4 or 5 disks, raided, even 10k RPM are not going to get you close to the performance you need - so you do need to make sure any file storage you have is good enough, speed test them, tweak them, make sure raided sets have efficient block sizes, etc etc.
- OS level changes. If you are using Linux (not mentioned your OS ), Wowza does make one change - ulimit - this has recently been increased from 20k to 65k - you may find increasing even further - say to128k - provides further performance increases. We have seen for some OSs, some environments, this is essential.
Further OS level changes are needed at higher speeds to get more performance
rmem_default
rmem_max
wmem_default
wmem_max
optmem_max
tcp_rmem
tcp_wmem
The last two really need to be changed from default as they are WAY too low for 10gbps and will punish performance and may well be causing your low levels.
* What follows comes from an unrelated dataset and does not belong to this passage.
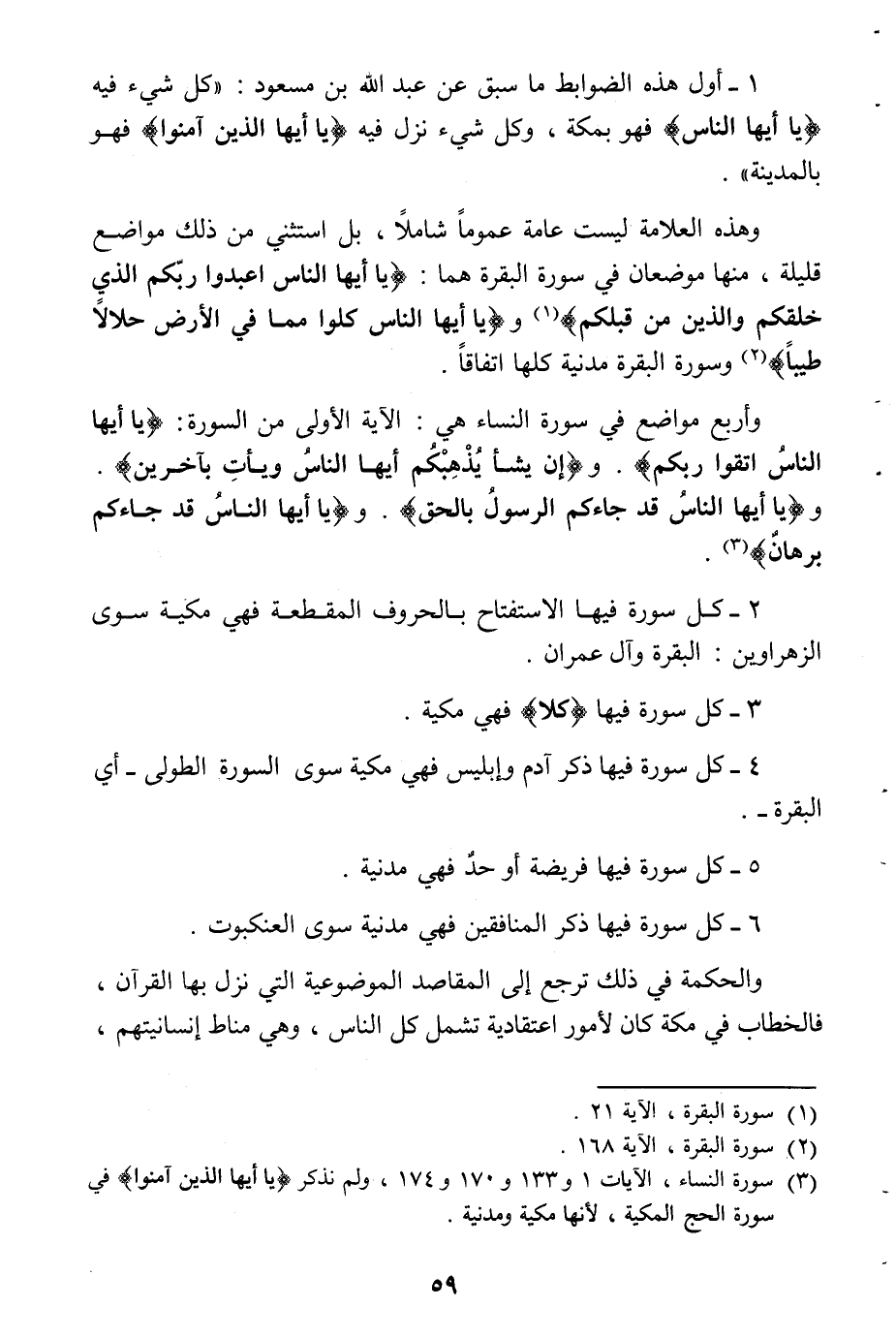 وهذه العلامة ليست عامة عموما شاملا، بل استثني من ذلك مواضع قليلة، منها موضعان في سورة البقرة هما: يا أَيُّهَا النَّاسُ اعْبُدُوا رَبَّكُمُ الَّذِي خَلَقَكُمْ وَالَّذِينَ مِنْ قَبْلِكُمْ (¬1) ويا أَيُّهَا النَّاسُ كُلُوا مِمَّا فِي الْأَرْضِ حَلالًا طَيِّباً (¬2) وسورة البقرة مدنية كلها اتفاقا.

There is a tonne of reading around them based , on speed, latency, memory available etc. and is not one size fits all.
Many applications do some of this tuning automatically, Wowza does not and will not. You do need some knowledge of networking to tune these properly.
- Memory utilisation - Tune all your applications correctly. When using high speed delivery efficient use of memory means you get the best performance. The packetizers have a default of 10second chunk duration. If you are doing live make sure they are tuned to your GOP size, so if it is 2 seconds, make the duration 2 or 4 seconds, immediately reduces memory footprint, which in turn reduces GC pressure, which reduces GC time etc etc. You can also change this for on demand delivery however YOU MUST HAVE A HIGH SPEED file system. If you are not doing a delivery of a specific HTTP protocol, turn OFF the packetizer!
Andrew.